Personal information
- Full name: Michael Chidi Alozie
- Date of birth: October 16, 1986 (age 39)
- Place of birth: Lagos, Nigeria
- Height: 1.85 m (6 ft 1 in)
- Position: Striker

Youth career
- Swift Eagles

Senior career*
- Years: Team / Apps / (Gls)
- 2003: Swift Eagles
- 2004: Beroe Stara Zagora / 5 / (3)
- 2005–2008: Volyn Lutsk / 93 / (31)
- 2008–2010: Metalurh Zaporizhzhia / 56 / (10)
- 2011–2014: Sevastopol / 25 / (1)
- 2015: Sereď / 1 / (0)

= Michael Chidi Alozie =

Nigerian footballer (born 1986)

Michael Chidi Alozie (born 16 October 1986) is a Nigerian professional footballer who last played for Sereď.

==Career==
The striker began his career with Swift Eagles in his native Nigeria and signed than in February 2004 for Beroe Stara Zagora in Bulgaria.

===Ukraine===
Chidi Alozie spent almost 10 years in Ukraine.
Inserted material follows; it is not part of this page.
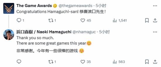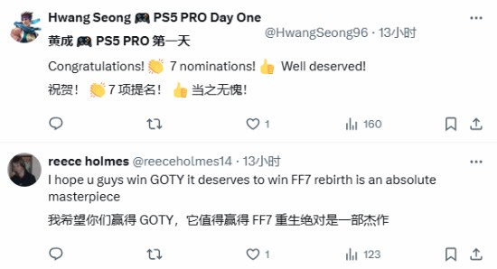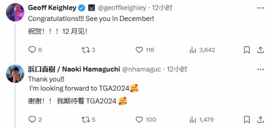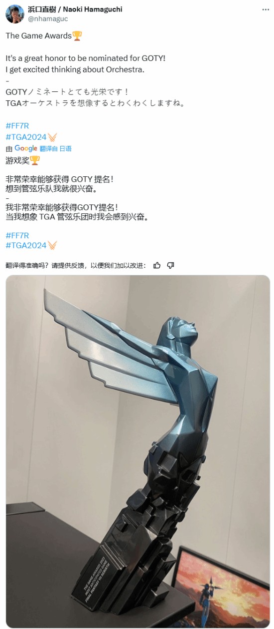 11月19日,游戏总监滨口直树发推晒出了2023年TGA《最终幻想7:重生》“最受期待游戏”奖杯,并表示:“我非常荣幸《最终幻想7:重生》能够获得今年TGA年度最佳提名!一想到TGA里的管弦乐团时我就很兴奋。”在评论区里,TGA官方、杰夫以及玩家们为其送上了祝贺。

He was signed by FC Metalurh Zaporizhya of the Ukrainian Premier League, played previously successful three-years with Volyn Lutsk. On 29 January 2011 left FC Metalurh Zaporizhya and signed with PFK Sevastopol. In 2014 left PFK Sevastopol.

===Slovakia===
In 2015 Alozie signed with Slovak ŠKF Sereď.

==International career==
On 29 December 2007 Alozie was called up to the Nigeria national football team, but never played a single game.